Afinal, alguém se lembra de alguma denúncia apurada pela Polícia Federal e pelo Ministério Público, que tenha resultado em condenações no âmbito do Mensalão ou do Petrolão, que não tenha sido comprovada?
Nesse episódio mais recente, documentos mostram a existência de contas secretas na Suiça, bilhões de reis em prejuízos para a Petrobras, repasses a pessoas e partidos políticos e inúmeras operações fraudulentas.
Tudo isso é realidade. Mas, da maneira como reagem certas figuras ligadas ao partido do governo fica a impressão de que tudo foi inventado.
Seriam os procuradores da República, o juiz Moro, em relação à Operação Lava Jato, e os integrantes do STF, no caso do Mensalão, ficcionistas que montaram tudo isso só para prejudicar pessoas e empresas?
Seriam eles gênios do mal, empenhados em destruir as instituições da República?
É preciso ser muito cínico ou engajado para acreditar numa hipótese como essa.
Mas isso não impede alguns de nossos intelectuais continuem acreditando. Pelo menos para o público externo.
Outro alvo do ódio é a imprensa, que alguns preferem chamar de mídia, palavra sempre associada a pejorativos.
A Folha de S. Paulo, por exemplo, é colocada sob suspeita pelo simples fato de que abre espaço para todas as correntes de opinião.
Outros veículos são detestados porque, a exemplo da Folha, expõem diariamente os casos de corrupção envolvendo o governo.
Diante das reações de certos políticos, de intelectuais e até mesmo de jornalistas, fica claro que muitos gostariam que as denúncias não fossem divulgadas.
Seria melhor, para essas pessoas, que repórteres e editores praticassem autocensura.
Procuradores, juízes e jornais são alvo de frequentes manifestações de repúdio. Afinal, estão atrapalhando um projeto de governo. Ou melhor, de poder.
Mas porque defender com tanto empenho esse projeto?
A resposta, invariavelmente, é essa: porque esse governo fez "justiça social".
Aí cabe pergunta: para fazer "justiça social" é preciso roubar?
Intelectuais ligados ao PT fazem de conta que não enxergam os casos de corrupção e acusam a imprensa de oportunista e de histeria.
O ideal, para eles, é que tudo ficasse escondido ou divulgado dentro de uma linha ideológica.
Ao mesmo tempo, investem contra todos que ousam apontar os erros ou exigir o fim da corrupção.
Para esses, os rótulos – golpistas, reacionários – estão sempre prontos.
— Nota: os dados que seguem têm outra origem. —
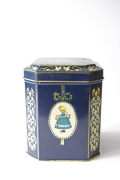 デンマークの高級スーパーIrma(イアマ)のヴィンテージのクッキー缶です。イメージキャラクターのイアマちゃんがうつむいてたたずんでいます。ブルーのワンピースに、頭には大きなリボン、クラシックで上品ですね。イアマの缶はデンマークでもコレクターが多いのです。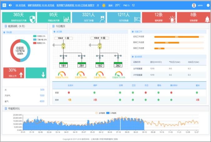 举措五 打造后勤能源智慧监管平台,建设基于互联网+信息流、大数据+业务流的智慧后勤管理平台,实现随时随地可运维,随时随地有服务,随时随地用数据,实现科学地摸家底、管运行、降能耗、保安全。污水管控从源头抓起,完成了污水流量计在线联网及备案工作及余氯在线监测联网备案工作。对污水加药系统进行了更新,实现了自动加药功能确保消毒工作有效稳定运行。把好“源头”关、把好监管关,狠抓质量、体现实效。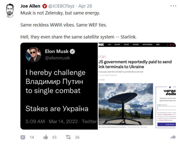 After the memes, I have links to some articles and podcasts to help you decide for yourself what to think of Elon and whether he is a Trojan Horse when it comes to free speech and opposing the Great Reset…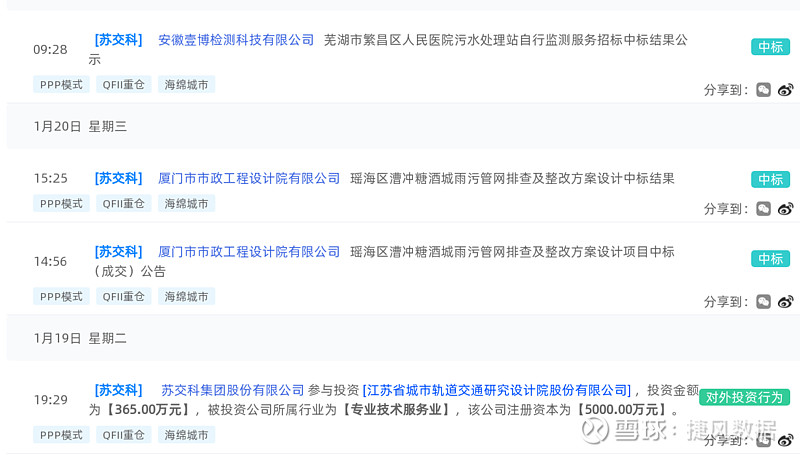 苏交科(300284):每股净资产 4.66元,每股净利润 0.77元,历史净利润年均增长 24.23%,预估未来三年净利润年均增长 18.31%,更多数据见:苏交科300284核心经营数据 苏交科的当前股价 9.76元,市盈率 13.93,未来三年的估值假设和预期收益率如下:15倍PE,预期收益率 63.31%;20倍PE,预期收益率 117.75%;25倍PE,预期收益率 172.18%;30倍PE,预期收益率 226.62%。 捷风数据2021-01-21根据公开信息搜集发现:【苏交科,300284】的安徽壹博检测科技有限公司《芜湖市繁昌区人民医院污水处理站自行监测服务招标中标结果公示》。 以下是【苏交科,300284】信息摘要的截图: 数据来源:捷风数据_jiefengnews 接下来,我们小编整理了近期【苏交科,300284】的部分经营动态如下,各位大佬可以参考: 1、捷风数据于2021-01-21根据公开信息搜集发现:【苏交科,300284】的安徽壹博检测科技有限公司《芜湖市繁昌区人民医院污水处理站自行监测服务招标中标结果公示》; 2、捷风数据于2021-01-20根据公开信息搜集发现:【苏交科,300284】的厦门市市政工程设计院有限公司《瑶海区漕冲糖酒城雨污管网排查及整改方案设计中标结果》; 3、捷风数据于2021-01-20根据公开信息搜集发现:【苏交科,300284】的厦门市市政工程设计院有限公司《瑶海区漕冲糖酒城雨污管网排查及整改方案设计项目中标(成交)公告》; 4、捷风数据于2021-01-19根据公开信息搜集发现:【苏交科,300284】的石家庄市政设计研究院有限责任公司《滦南县老城区基础设施提升改造工程勘察设计(项目代码:2011-130224-89-01-110655)中标候选人公示》,公示金额为153.0万元; 5、捷风数据于2021-01-19根据公开信息搜集发现:【苏交科,300284】的苏交科集团检测认证有限公司《204国道响水绕城段改扩建工程等技术服务项目》,公示金额为178.0万元; 6、捷风数据于2021-01-18根据公开信息搜集发现:【苏交科,300284】的厦门市市政工程设计院有限公司《大悟县轻工业老旧小区外基础设施建设项目前期相关设计单位采购项目中标(成交)结果公告》,公示金额为81.1万元。 以下是【苏交科,300284】部分经营动态的截图: 数据来源:捷风数据_jiefengnews 了解更多【苏交科,300284】的信息,请关注我们捷风数据的动态。 作者:捷风数据_jiefengnews $苏交科(sz300284)$ 作者:捷风数据原文链接:https://xueqiu.com/2536037617/169408810 转载请注明:www.51xianjinliu.com » 苏交科芜湖市繁昌区人民医院污水处理站自行监测服务招标中标结果公示 喜欢 (0)or分享 (0)

Em meio a toda a crise política, institucional e moral, a oposição se mostra totalmente despreparada.
Ora abraça propostas de impeachment ainda sem sustentação legal – na opinião de juristas como Ayres Britto e Joaquim Barbosa – ora se deixa utilizar como massa de manobra por políticos do naipe de Eduardo Cunha.
Sem discurso e sem convicção, os líderes oposicionistas também cultivam o velho hábito de se esconder em momentos decisivos.
Entre o bem-estar geral da população e a manutenção do poder, com todos os benefícios, nossos políticos sempre ficaram com a segunda opção.
Com raríssimas exceções.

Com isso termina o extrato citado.